[RFE] openvswitch-agent support rootwrap daemon when hypervisor is XenServer

Bug #1585510 reported by huan
8
This bug affects 1 person
Affects Status Importance Assigned to Milestone
neutron
Fix Released
Wishlist
Jianghua Wang
oslo.rootwrap
Won't Fix
Undecided
Unassigned

Bug Description

As titled, when XenServer is hypervisor we want to implement rootwrap daemon mode in neutron-openvswitch-agent which runs in compute node.

neutron-openvswitch-agent which runs in compute node(DomU) cannot support rootwrap daemon mode. This is because XenServer has the seperation of Dom0(privileged domain) and DomU(user domain), br-int bridge of neutron-openvswitch-agent(in compute node) resides in Dom0, so all the ovs-vsctl/ovs-ofctl/iptables/ipset commands executed by neutron-openvswitch-agent(in compute node) need to be executed in Dom0 not DomU which is different with other hypervisors.

https://github.com/openstack/neutron/blob/master/bin/neutron-rootwrap-xen-dom0 is current implementation but cannot support rootwrap daemon.

We noticed rootwrap produces significant performance overhead and We want to implement the rootwrap daemon mode when XenServer is hypervisor to improve the performance.

Also, we discoverde that calls to netwrap (and creation of lots of sessions) are causing huge logging in dom0. Logrotate can handle those logs, but it will make diagnosis of issues very difficult indeed due to the very regular rotations.

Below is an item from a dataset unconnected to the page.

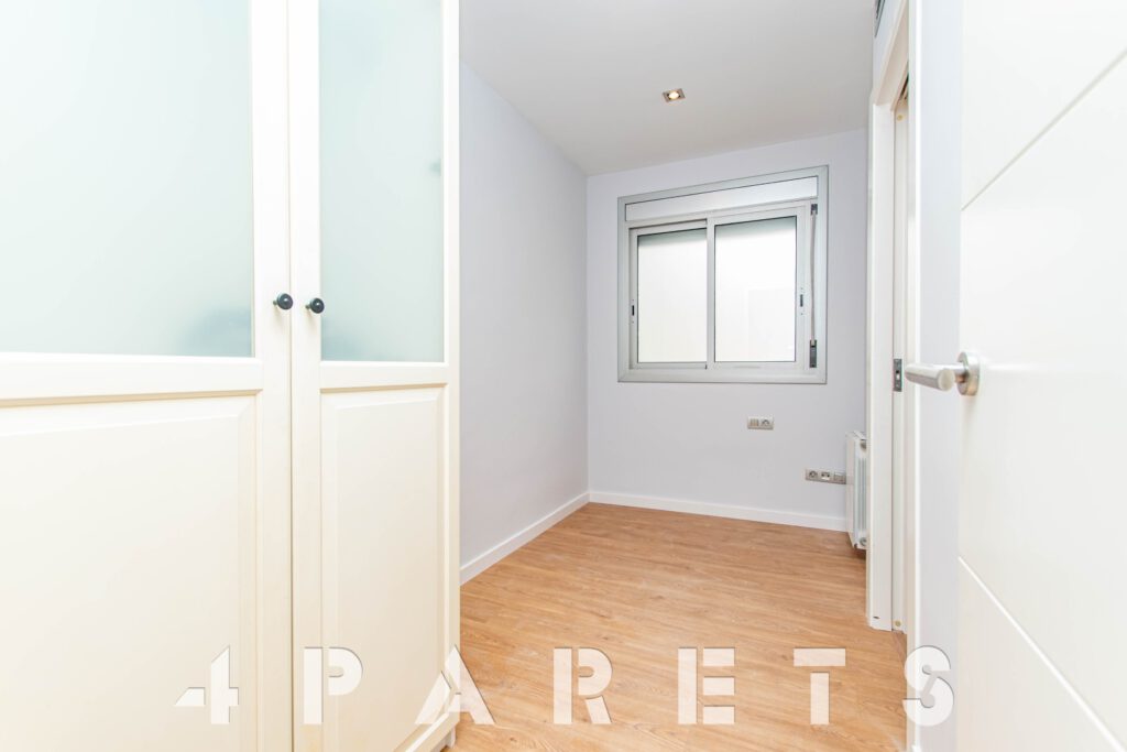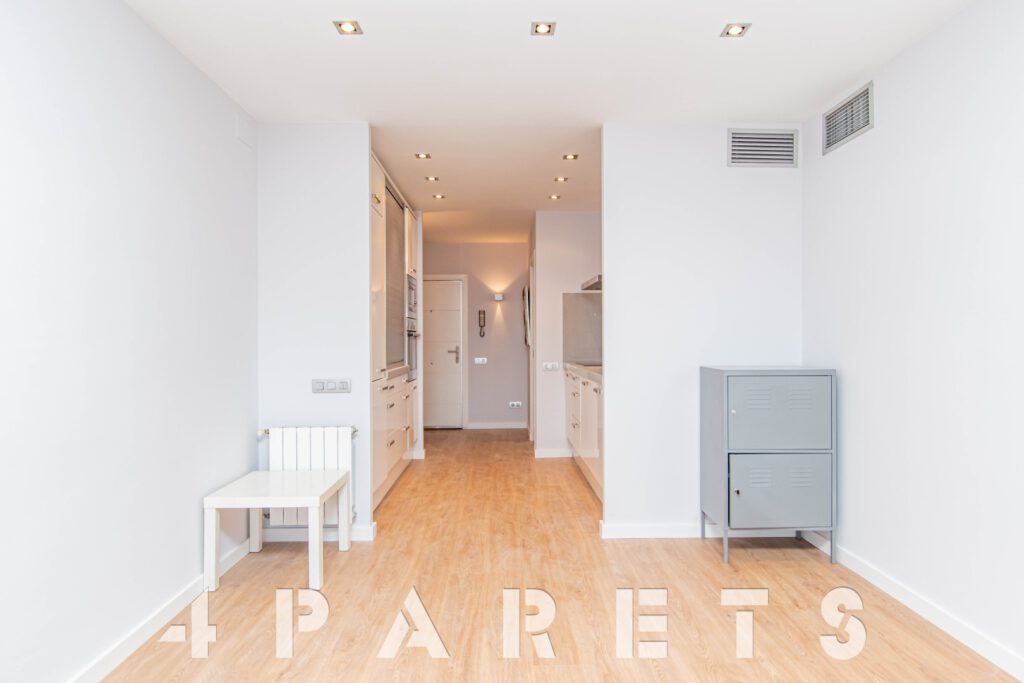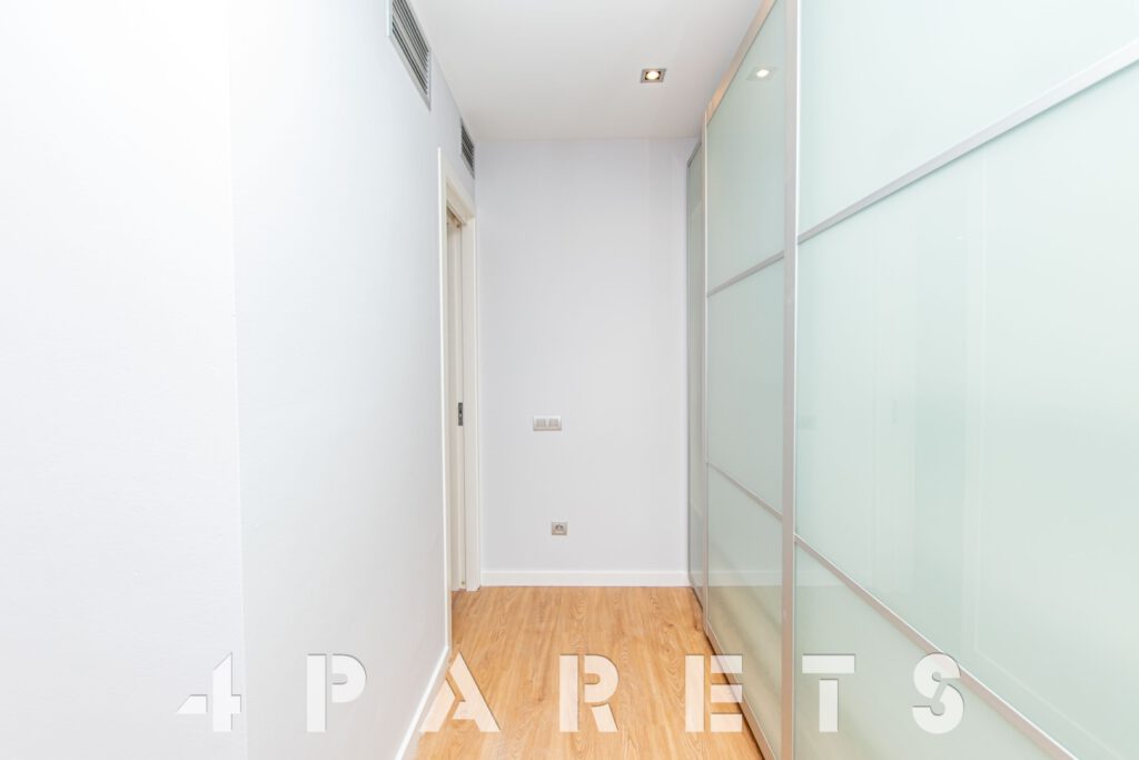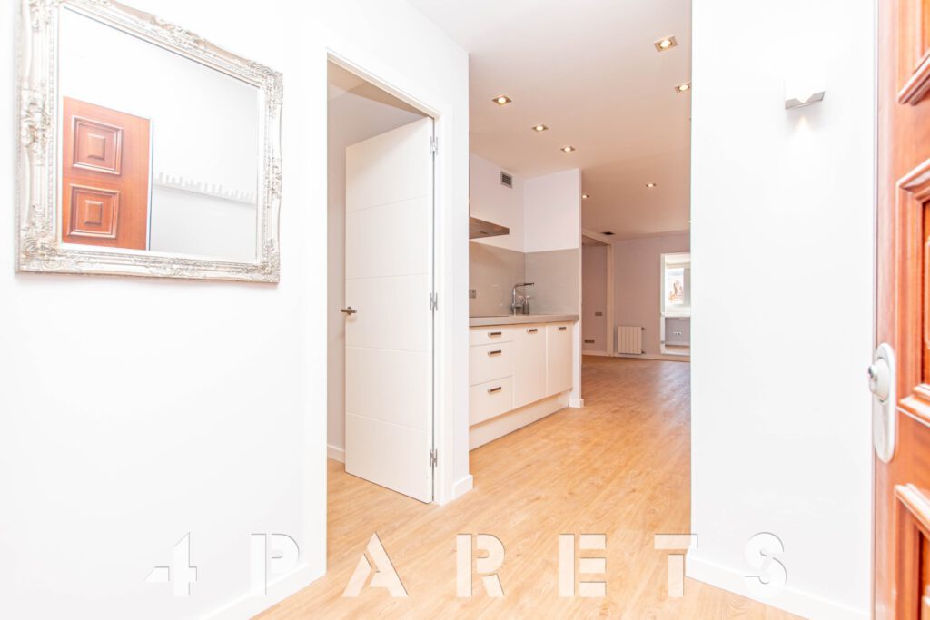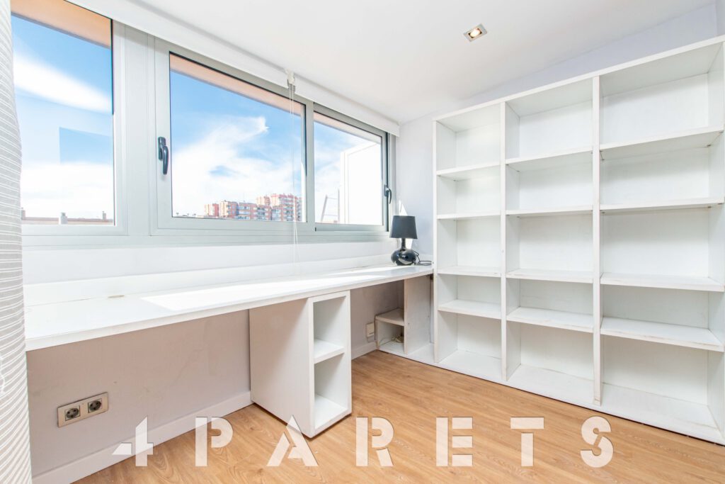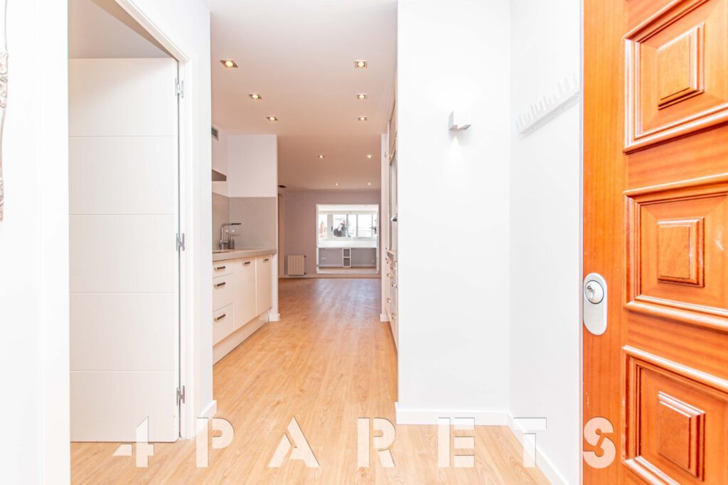 Recibidor de entrada que comunica con varias estancias: a mano izquierda con la habitación secundaria, una habitación individual con la peculiaridad que, desde el interior, tiene acceso directo al baño. Por otra parte, desde el recibidor también accedemos a la cocina, una cómoda cocina a banda y banda, equipada con gran espacio de trabajo, placa vitrocerámica, horno, microondas, lavavajillas y nevera con congelador. Cruzando la cocina entramos al salón comedor, de tipología cuadrada y fácil de distribuir. Desde el salón tenemos paso, por una parte y mediante una impresionante puerta corredera, al dormitorio principal, el cual está equipado con armario y también tiene acceso directo al baño y salida a la terraza. Por otra parte, a una magnífica y luminosa zona de estudio abierta al salón. Un agradable espacio complementario ideal para instalar un punto de estudio o teletrabajo. Este espacio también tiene salida directa a la terraza.

Also, it seems that perhaps the excessive logging is causing the host to be **very** slow downloading an image from glance due to contention on the disk (looking at iostat, %iowait is up over 60% the majority of the time, sometimes up to 90%)

So, it's not stable and strong enough for a production OpenStack environment.

Proposal: subclass and override some class/functions from oslo.rootwrap to achive the goal. Actually I have did the POC which can work well.

Tags: rfe
Changed in neutron:
importance: Undecided → Wishlist
tags: added: rfe
Changed in neutron:
status: New → Confirmed
Revision history for this message
Armando Migliaccio (armando-migliaccio) wrote :

Can you share the POC? Are you modifying oslo.rootwrap or the neutron ovs agent? AFAIK XenServer has not switched to 2.7 yet.

Changed in neutron:
status: Confirmed → Incomplete
Revision history for this message
huan (huan-xie) wrote :

Sure, I can share POC code, I didn't modify oslo.rootwrap, just added new function code in ovs agent
POC: https://review.openstack.org/#/c/321415/
I have tested with POC code that the way of subclass from oslo.rootwrap can work well at the moment.
For further offical code and verification, we can use XenServer neutron CI, we have deployed XenServer neutron CI and this CI is under testing internally, will make this CI publicly soon

Revision history for this message
huan (huan-xie) wrote :

Updated, add some issues we found without netwrap daemon for XenServer ovs-agent in compute node.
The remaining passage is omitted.